Like a fit/predict pattern, you can quickly “learn” a custom skill. Below, we’ll create a skill that evaluates the likelihood of buying a product from user comments on social media posts, returning a score (1–100) and a short reason. We’ll instruct the LLM to transform each comment according to our custom specifications.
from flashlearn.skills.learn_skill import LearnSkill
from flashlearn.client import OpenAI
# Instantiate your pipeline “estimator” or “transformer”

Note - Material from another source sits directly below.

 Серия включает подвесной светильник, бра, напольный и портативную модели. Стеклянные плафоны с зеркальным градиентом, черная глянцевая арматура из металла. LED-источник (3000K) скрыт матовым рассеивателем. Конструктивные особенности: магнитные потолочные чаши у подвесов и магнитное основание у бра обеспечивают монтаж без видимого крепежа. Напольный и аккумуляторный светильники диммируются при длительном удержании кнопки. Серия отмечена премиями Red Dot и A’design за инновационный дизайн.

learner = LearnSkill(model_name="gpt-4o-mini", client=OpenAI())
# Provide instructions and sample data for the new skill
skill = learner.learn_skill(
df=[], #dif you want you can also pass data sample
task=(
"Evaluate how likely the user is to buy my product based on the sentiment in their comment, "
"return an integer 1-100 on key 'likely_to_buy', "

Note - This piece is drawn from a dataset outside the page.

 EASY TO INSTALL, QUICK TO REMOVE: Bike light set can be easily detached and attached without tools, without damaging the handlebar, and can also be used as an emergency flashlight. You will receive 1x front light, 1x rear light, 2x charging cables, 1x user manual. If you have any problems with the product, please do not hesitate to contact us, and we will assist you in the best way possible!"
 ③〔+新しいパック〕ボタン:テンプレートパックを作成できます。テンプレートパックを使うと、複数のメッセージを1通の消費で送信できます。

"and a short explanation on key 'reason'."
),
)
# Save skill to be used from any system
skill.save("evaluate_buy_comments_skill.json")
Input Is a List of Dictionaries
Whether you retrieved data from an API, a spreadsheet, or user-submitted forms, you can simply wrap each record into a dictionary. FlashLearn’s “skills” accept a list of such dictionaries, as shown below:
user_inputs = [
{"comment_text": "I love this product, it's everything I wanted!"},
{"comment_text": "Not impressed... wouldn't consider buying this."},
# ...
]
Run in 3 Lines of Code
Once you’ve defined or learned a skill, you can load it as though it were a specialized transformer in a standard ML pipeline. Then apply it to your data in just a few lines:
from flashlearn.skills.general_skill import GeneralSkill
with open("evaluate_buy_comments_skill.json", "r", encoding="utf-8") as file:
definition= json.load(file)
# Suppose we previously saved a learned skill to "evaluate_buy_comments_skill.json".

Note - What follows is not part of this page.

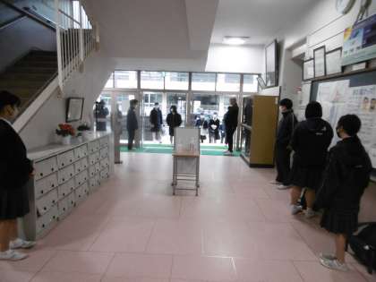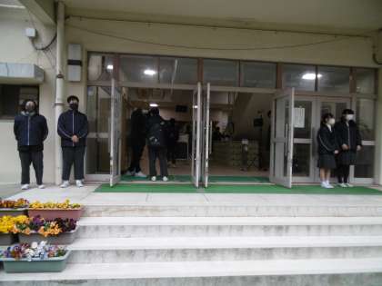 生徒会役員と校風委員によるあいさつ運動が行われていました。「あいさつは安心感のプレゼント」が本校の合言葉になっています。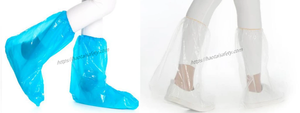- Haotai Disposable boot covers are the most economical and effective solution to keep your shoes dry and protected. Clear covers are suitable for all kinds of shoes. One size fits all. Made from a low-density chlorinated polyethylene fabric with an anti-slip, coating on the sole our boot covers resist tearing and rupturing. Elastic band provides snug and comfortable fit around shoes. Easy-on and easy-off, breathable and lightweight.

skill = GeneralSkill.load_skill(definition)
tasks = skill.create_tasks(user_inputs)
results = skill.run_tasks_in_parallel(tasks)
print(results)
Get Structured Results
FlashLearn returns structured outputs for each of your records. The keys in the results dictionary map to the indexes of your original list. For example:
{
"0": {
"likely_to_buy": 90,
"reason": "Comment shows strong enthusiasm and positive sentiment."
},
"1": {
"likely_to_buy": 25,
"reason": "Expressed disappointment and reluctance to purchase."
}
}
Pass on to Next Steps
Each record’s output can then be used in downstream tasks. For instance, you might:
- Store the results in a database
- Filter for high-likelihood leads
- Send them to another tool for further analysis (for example, rewriting the “reason” in a formal tone)
Below is a small example showing how you might parse the dictionary and feed it into a separate function:
# Suppose 'flash_results' is the dictionary with structured LLM outputs
for idx, result in flash_results.items():
desired_score = result["likely_to_buy"]
reason_text = result["reason"]
# Now do something with the score and reason, e.g., store in DB or pass to next step
print(f"Comment #{idx} => Score: {desired_score}, Reason: {reason_text}")
Supported LLM Providers
Anywhere you might rely on an ML pipeline component, you can swap in an LLM:
client = OpenAI() # This is equivalent to instantiating a pipeline component
deep_seek = OpenAI(api_key='YOUR DEEPSEEK API KEY', base_url="https://api.deepseek.com")
lite_llm = FlashLiteLLMClient() # LiteLLM integration Manages keys as environment variables, akin to a top-level pipeline manager
ollama = OpenAI(base_url = 'http://localhost:11434/v1', api_key='ollama', # required, but unused) # Just use ollama's openai client
KEY IDEA: JSON in, JSON out
Examples by use case
-
Customer service
-
Finance
-
Marketing
-
Personal assistant
-
Product intelligence
-
Sales
-
Software development
I really hope this lib will simplify integration of LLMs into your existing pipelines!